They say that Bihar carries India on its back. Its migrant labourers make huge contributions to the economy but when we discuss migration, we invariably think of hotshot Kannadigas in Silicon Valley, not the Bihari porters and construction workers who fuel our growth.
This is one of the many misconstructions about migration thrown up by the 2009 Human Development Report, which explores this hallmark of globalisation. For instance, it finds that the volume of internal migration in China and India rivals the volume of all international flows. And it reminds us that many countries have fewer people of foreign origin today than they did during the last wave of globalisation, during the colonial era.
A purely economic analysis cannot explain migration. People also move to acquire prestige (“My son is in the US.”) or to escape traditional hierarchies like caste (“My name is Bharati. Just Bharati.”). And migrants face hostility that has no basis in economic reality: they actually contribute to the growth of host economies and do not significantly burden their social budgets. The report also dismisses the perception that migration typically proceeds from less developed to more developed economies. Migration flows within these categories are also very large, despite the huge prosperity gap between them. One hopes that this report is taken note of by First World negotiators at the World Trade Organisation, who are obsessed with enabling the movement of capital across borders while disabling the movement of labour.
The report also questions one of India’s leading myths — that of remittance-led development. In a number of underdeveloped countries, the volume of remittances is greater than that of official aid. But it might also be observed that within India, Bihar has lived on remittances far longer than Kerala. Bihar remains a basket case, while Kerala’s held up as an exemplar of development. Let’s celebrate our NRIs by all means, while remembering that remittances create wealth, but not necessarily development.
And yet, there is something missing here — a satisfactory analysis of the causes of migration. People move out of choice or compulsion, but these are only two clearly defined endpoints on a long continuum of mixed motivations. Free choice is intrinsically good and compulsion is intrinsically vile, but how does one evaluate real-world choices made in the grey area in between? Unless you’re Jean-Paul Sartre’s astral body, you probably recognise that what passes for free choice in everyday life is often conditioned by necessity.
In different degrees, the Narmada oustee, the Bihari labourer and the white-collar worker who relocates for preferment are under some compulsion to move. The idea of compulsion doesn’t sit easily in the generally happy discourse of globalisation, but we must accommodate it.

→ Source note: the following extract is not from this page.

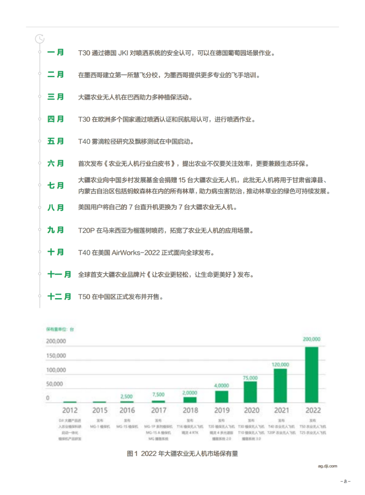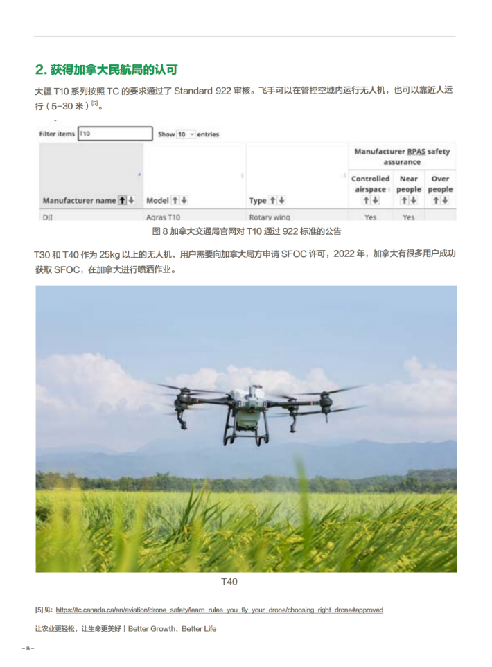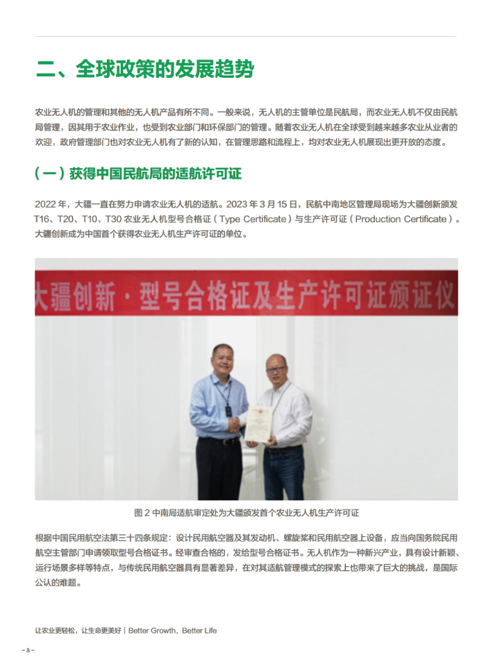 2022年12月,依据中国民用航空规章《民用航空产品和零部件合格审定规定》(CCAR-21),民航局正式发布《民用无人驾驶航空器系统适航审定管理程序》(AP-21-AA-2022-71)。根据该程序要求,中型农用无人驾驶航空器系统可按对限用类民用无人驾驶航空器系统的要求进行型号合格审定、生产许可审定和适航合格审定,通过取得型号合格证及其更改和补充型号合格证获得设计批准,通过取得生产许可证获得生产批准,通过取得民用无人驾驶航空器特殊适航证获得适航批准。大疆创新积极按照规章和程序要求开展证件转换和申请工作。民航中南地区管理局完成大疆创新四个型号证件的转换和申请审查后,分别于:2023年1月31日,签发大疆T16、T20两款农业无人机型号合格证;2月10日,签发大疆T10、T30两款农业无人机型号合格证;2月22日,签发大疆T16、T20、T10、T30的生产许可证。

The report celebrates migration as a great liberator, with a nod to the pathbreaking Chicago philosopher Martha Nussbaum, who identifies freedom of movement as one of the capabilities which reflect the quantum of individual liberty. But in countries like India, where people routinely move out of necessity rather than choice, there are other issues too. People generally better their lot by moving, but should they be compelled to do so? Wouldn’t it be best for society at large if they could choose to stay home, and not have to carry India on their backs?